One of the interesting things I saw available in this scan6 tool was the ability to narrow down a search based on a known OUI. If someone wanted to search for virtual machines hosted by VMWare host and the IPv4 address of the VMWare host is known, this command would be useful for scanning from a host off net, scanning a network in the lab area:
sudo ./scan6 -i en0 -d 2001:db8:e00:4000::/64 –tgt-virtual-machines vmware –tgt-ipv4-embedded 10.17.4.195⁄32
What this does is target the /64 but narrow down the search to vmwre specific virtual machines hosted on the vmware host at IPv4 address 10.17.4.195⁄32. It is able to accomplish this because it can make assumptions about vmware (or virtual box) based on their OUI and how they build their
The OUI will always be set to 00:05:59 for VMWare. Additionally, The next 16-bits of the MAC address are set to the same value as the last 16 bits of the console operating system’s primary IPv4 address. If that were not enough, the final eight bits of the MAC address are set to a hash value based on the name of the virtual machine’s configuration file. That, according to the IETF draft and math, means that if you know the VMWare host IPv4 address you can reduce a scan of 64 bits down to just 8 bits. This is a powerful set of tools that this post does not even scratch the surface of.

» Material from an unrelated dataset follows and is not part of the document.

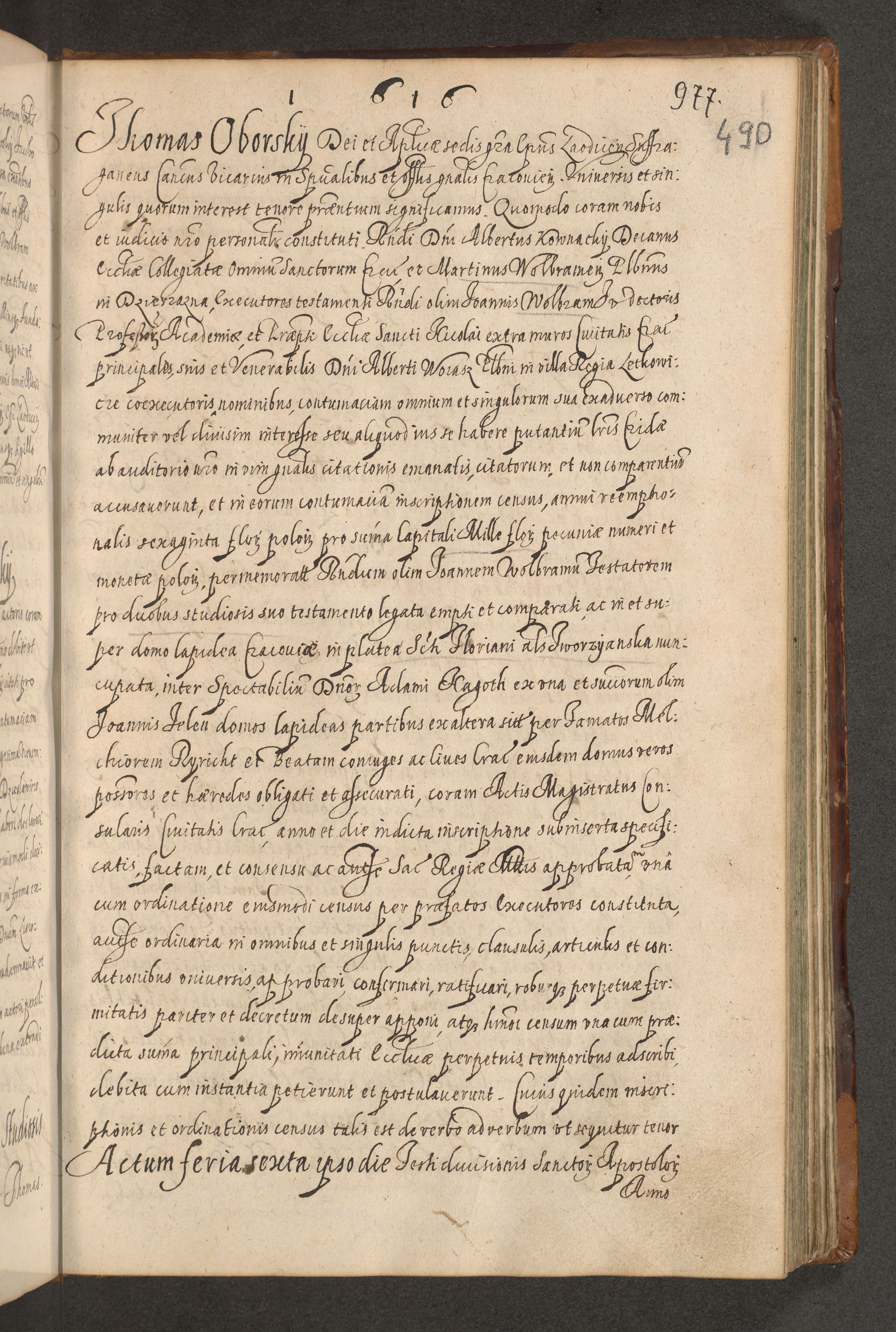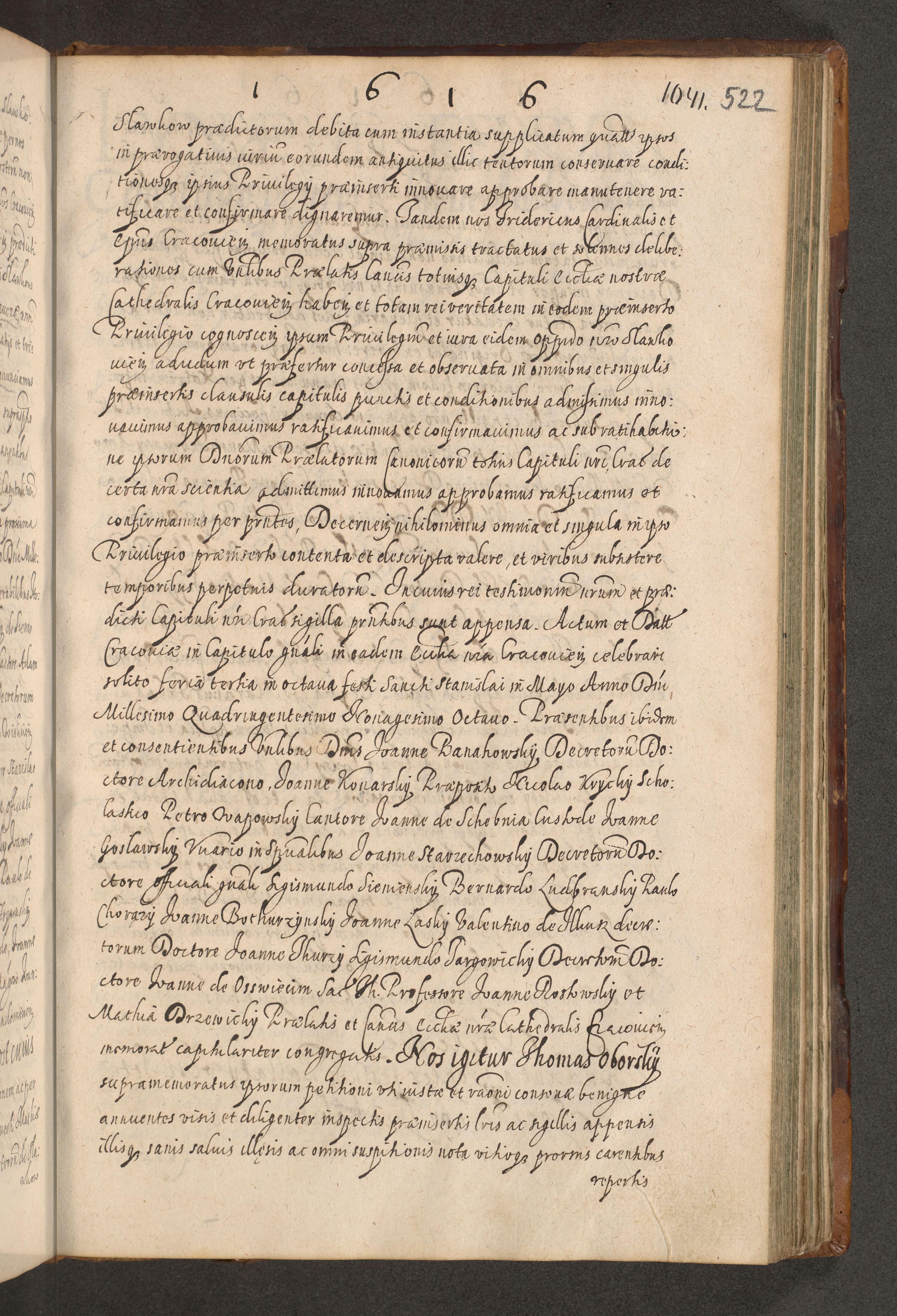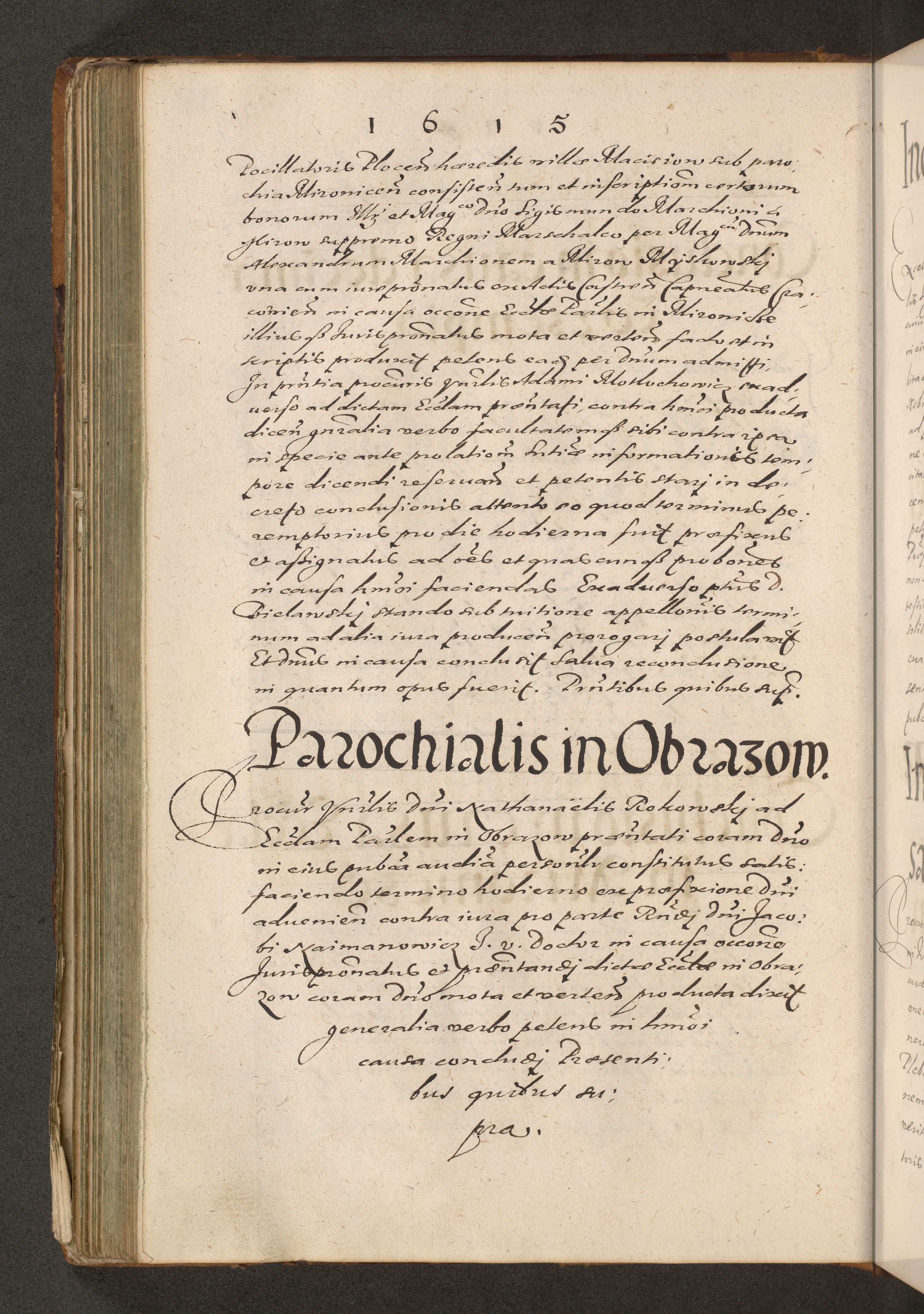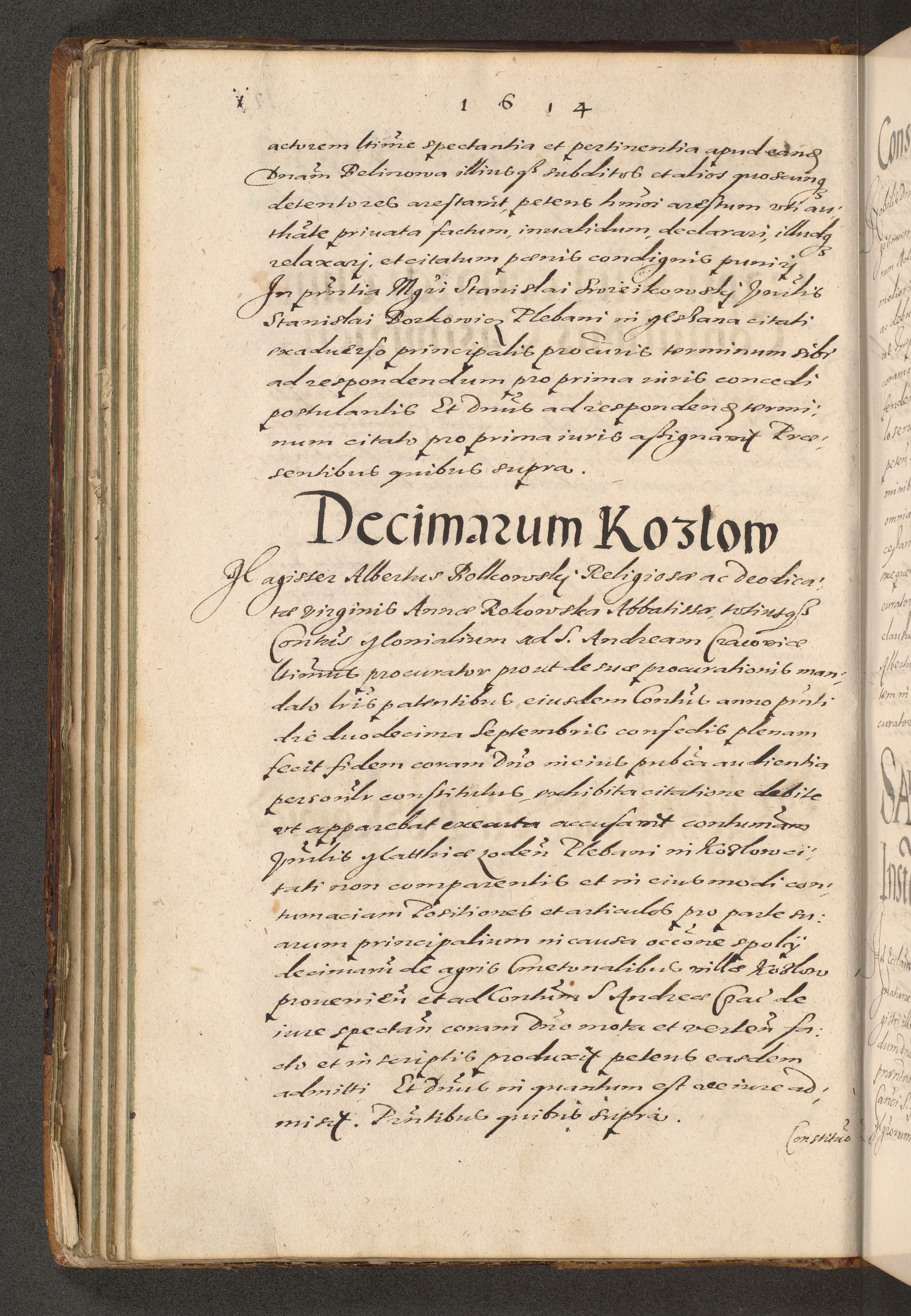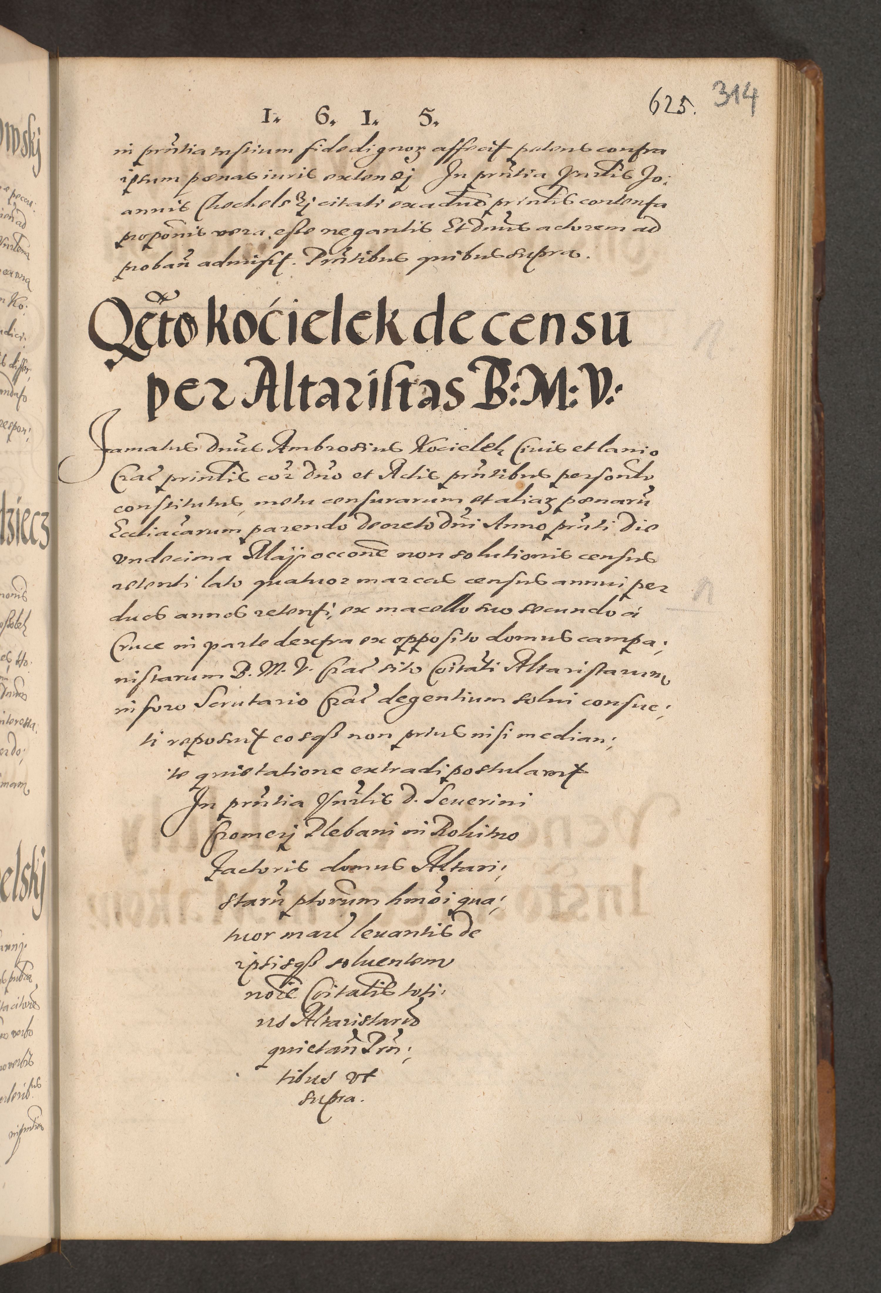 Illustrissimo et Reverendissimo in Christo Patre Domino Domino Petro Tylicki Dei et Apostolice Sedis Gratia Episcopo Cracoviensis Duce Severiensis Acta actorum causarum sententiarum tam interloquutoriarum quam definitivarum decretorum obligationum, quietationum, recognitionum, constitutionum procuratorum etc. etc. coram Admodum Reverendo Domino Thoma Oborski I. V. Doctore Canonico Vicario in Spiritualibus et Officiali generali Cracoviensis in anno Domini Millesimo Sexcentessimo Decimoquarto Cuius Indictio duodecima Pontificus SS. D. N. D. Pauli Divina providentia Papae quinti Anno decimo foeliciter incipiunt

Be careful using this scan tool, there are a number of devices that will have their neighbor table exhausted and potentially cause a DoS by running the networking gear out of resources, which in and of itself is another potential use of this tool. There is a HUGE amount of work to be done and learned about IPv6, it’s not going away and, in fact, I’ve been using it in one form or another for 10 years or so. If you’re a network engineer or a security professional you’re doing yourself a disservice by not learning it.
In addition to the scan6 binary, the toolkit includes:
flow6
frag6
icmp6
jumbo6
na6
ni6
ns6
ra6
rd6
rs6
scan6
tcp6
With the content providers and consumer ISPs providing native IPv6 more and more every day (my comcast service has a DHCPv6-PD /64 and a DHCPv6 /128 provisioned by default) the world at large is doing more v6. If you’ve got MS windows on your network and it’s even relatively new, you’ve got v6 unless you policy it as disabled. It’s tunneling it.
Make these part of your arsenal for testing gear, pen testing, whatever. I promise it’s worth your time.